Friday, April 15, 2011

Washington Property Company Planning Georgia Ave and Wisconsin Ave Residences


In 2005, Washington Property Company purchased two plots on the area's major arteries: 10914 Georgia Avenue in Wheaton and 7100 Wisconsin Avenue in Bethesda with the intent of building two residential properties. That the company is now nearly ready for construction and is building apartments is not surprising, as financing for apartments becomes easier and apartment vacancy rates hit historic lows.

10914 Georgia Avenue is slated for a mid 2012 groundbreaking for a five-story, 221 unit multi-family residential building. The site, next to the Wheaton Metro station, is part of an 8-acre area that has been targeted by Montgomery County as part of a mixed-use revitalization of downtown. Revitalization will create 1,300 residential units and 600,000 square feet of retail between a Washington Metropolitan Transit Authority (WMATA ) site at Georgia Avenue and Viers Mill Road, County Parking Lot 13 across Reedie Drive, as well as the Washington Property Company purchase, among others. B.F. Saul has been chosen as the developer for the bulk of the project. "They're in the process of concept plans with WMATA," said Pete McGinnity, Business Development Manager in the Montgomery County Redevelopment Program. "This is a multi-phase plan that will roll out over the next several years."

Currently, the Washington Property Company site is home to the First Baptist Church of Wheaton, which has plans to move to a bigger lot at 3110 Emory Church Road in Olney, Maryland, after building a new church.

For the company's second act, now the site of an Exxon service station, there's time to wait until the design comes together. The Washington Property Company submitted preliminary plans late last year to build a nine story building of 96 residential units atop 3,000 s.f. of retail space.

"We're still assembling parcels and working on things," said Daryl South, Vice President of Development for WPC. Though the developer is not ready to disclose formal plans for the space, they say plans will come this fall.

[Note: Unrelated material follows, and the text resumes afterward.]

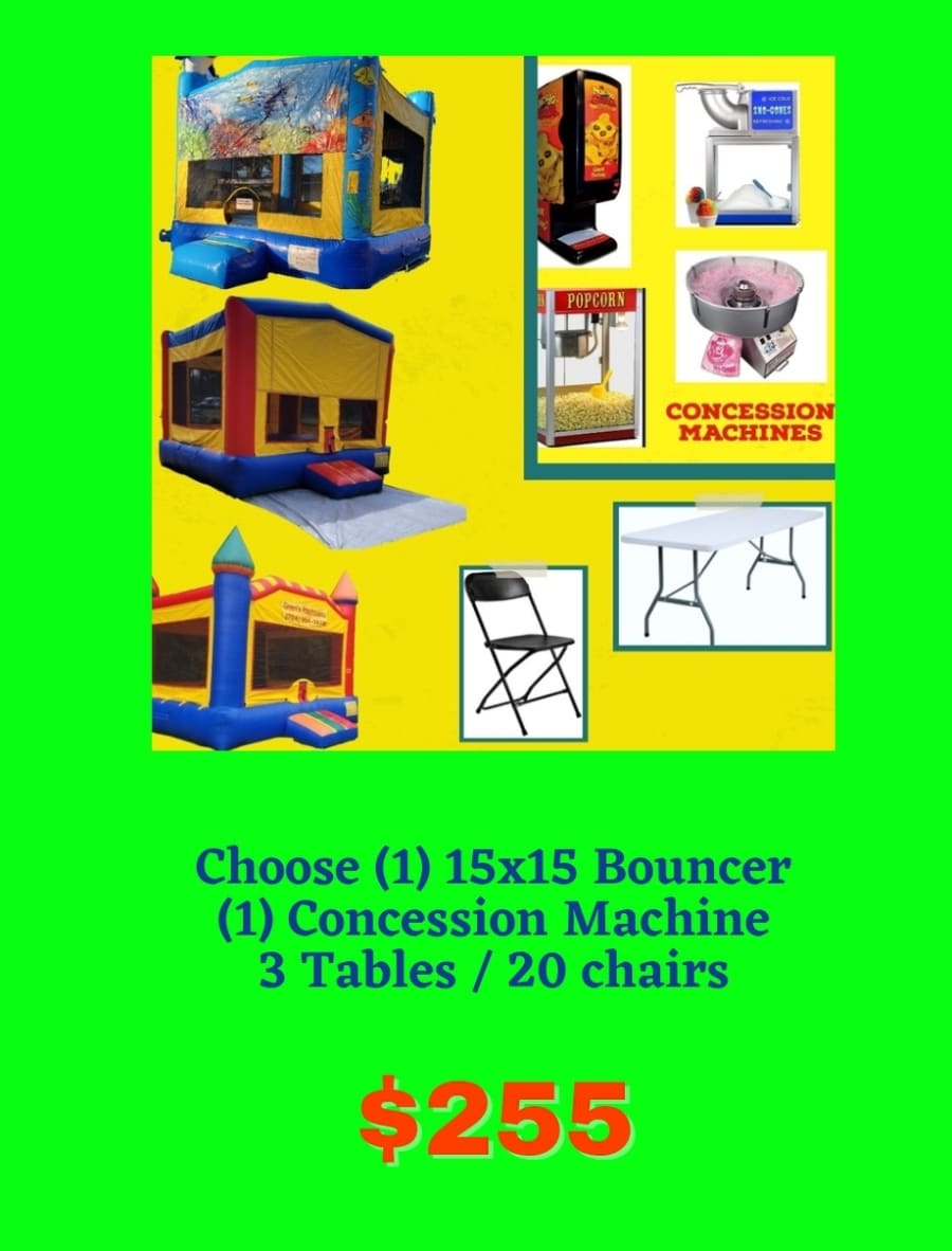 This package includes the 15X15 Dolphin Bouncer, 3 Tables, 20 Chairs and your choice of 1 concession machine. Enjoy a Day in the Sun With All of Your Friends and Family! your guests will have plenty of room to bounce and play the day away! Our Concession machines will provide the perfect treat! Our Tables and Chairs offer a place to relax! Recommended ages 3 - up.

The developer recently broke ground in the formerly shunned Ripley District of Silver Spring, with plans to build a sixteen-story, 306,000 s.f. building with 286 rental units at 1150 Ripley Street, the first major construction project in the neighborhood in twenty years.

Bethesda, Maryland real estate development news

4 comments:

Critically Urban on Apr 15, 2011, 9:37:00 AM said...

Actually, the Ripley District experienced major construction when the new fire house was built next to the old Silver Spring train station.

Anon said...

I wish you would comment on the disgusting actions by the city in forcing long-time residents to give up their property to Wal-Mart. It's awful, and this shopping center should not be celebrated for destroying a community. The fact that area residents are poor doesn't mean that they have no rights or interests in their neighborhood, and the city should be ashamed of itself.

Critically Urban on Apr 15, 2011, 4:49:00 PM said...
This comment has been removed by the author.
Critically Urban on Apr 15, 2011, 4:50:00 PM said...

Anon, I think you're posting in the wrong thread. Despite that, the city is not displacing any long-time residents. The properties in question are not owned by anyone who lives in the neighborhood and are solely commercial. No residential. The city is using eminent domain to redevelop a neighborhood's commercial heart for the greater good. Get your facts straight.